The previous on-field controversies between India and Australia had the former side mostly reacting to provocations, something which wasn’t the case this time. As the first Test started in Adelaide, Kohli’s on-your-face celebrations and openly confronting Australian players in their backyard started becoming more noticeable.

Kohli would clash with David Warner and Steve Smith and later be fined 30% of their match fees, and while the tussle looked unnecessary to many, Kohli was working his magic.

India was far from a top Test team in 2014, with all expecting Australia to dominate the visitors left, right and centre, barring one man - Virat Kohli. Kohli's captaincy debut came at a tough time, when his own game was under the scanner, having tallied only 150 runs across the five Tests in England. 

But Kohli picked up from the 116 that he had scored in Adelaide back in 2012. After Australia tallied a mammoth 517 in the first innings, Indian batsmen had started strongly. However, while all of them pitched in with significant contributions, Kohli anchored the team with a brilliant 115 runs.

India trailed by just 73 runs after their first innings and while Kohli desperately wanted experience in his bowling department, the likes of Mohammed Shami, Varun Aaron and Ishant Sharma weren’t the answer to his prayers. 

Australia started their second innings post-lunch on Day 4, and Warner’s lightning-quick 102 put India on the backfoot again.

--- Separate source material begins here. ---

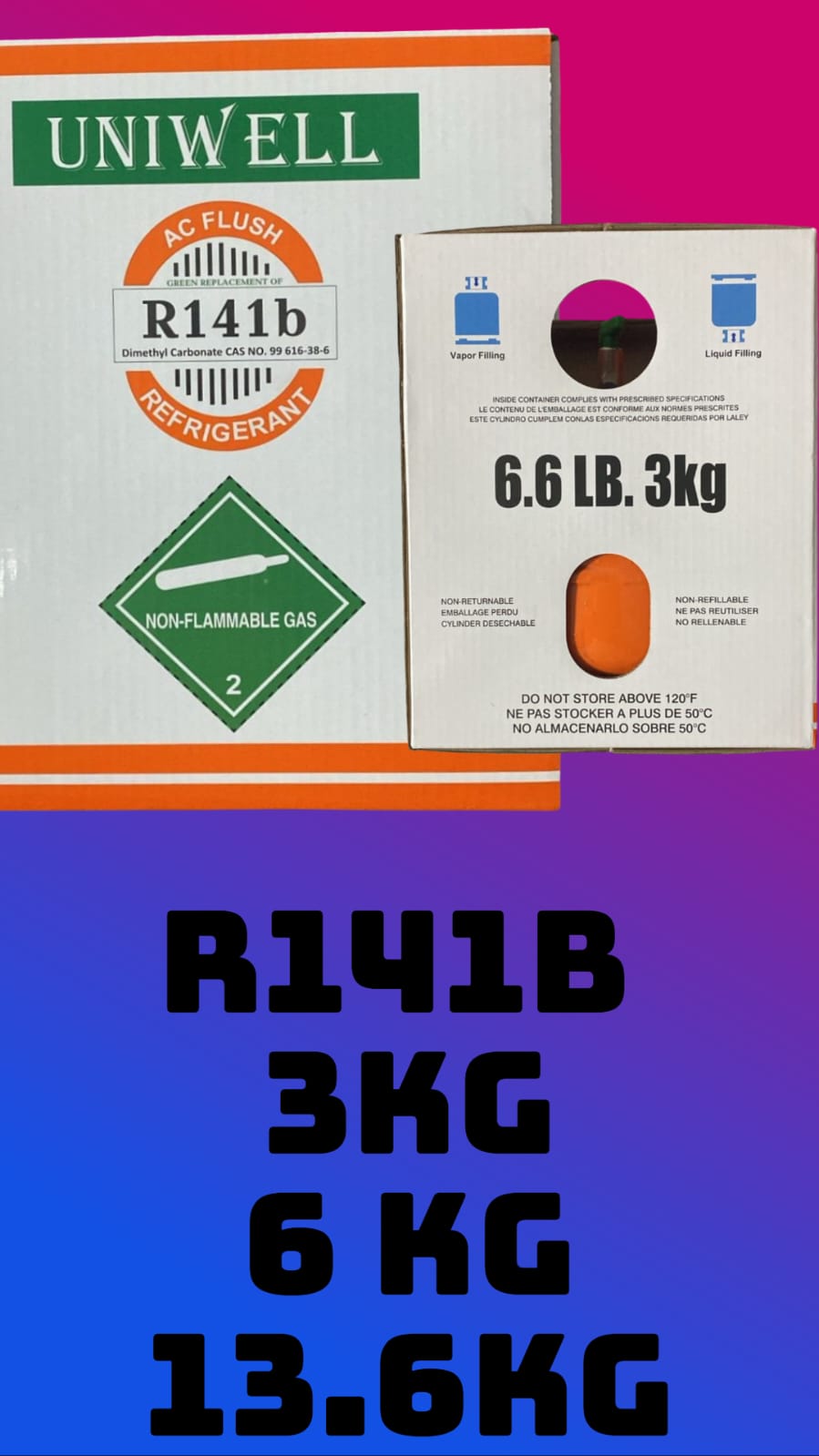 Container of Uniwell AC Flush R141b Refrigerant Replacement Gas.

Smith (52) and Mitchell Marsh (40) further helped Australia to a tally of 290 and declared, leaving India a target of 363 runs on the final day. 

Though a draw was on the cards, Adelaide’s turf had become a rank turner, with Nathan Lyon spitting fire with every delivery. Before India realized, they were 57/2 with Murali Vijay and Kohli batting at the crease and thus began a fight that shook the Australians’ belief. 

While Vijay made a valiant contribution of 99, it was India’s new Test captain who stood against all odds. When others couldn’t touch Lyon’s ball, Kohli fetched 20 runs off 10 balls with just the sweep shot. He had embodied perfection that afternoon, and while all his compatriots crumbled around him, he kept going to tally 141 runs in the second innings.

Though India fell 48 runs short in the end, this match was a hint of things to come in Indian Test cricket. By scoring twin centuries in an innings, Kohli became only the second man after Greg Chappell to achieve that feat on his captaincy debut. He was also the first visiting batsman in 53 years to score two centuries in one Test in Australia,     

In 68 Tests that Kohli captained India, the side went on to win and won 40 of them, thus making him the best ever Test captain India ever had. Averaging a brilliant 55.36 as India’s captain, Kohli scored 20 Test centuries and seven double centuries.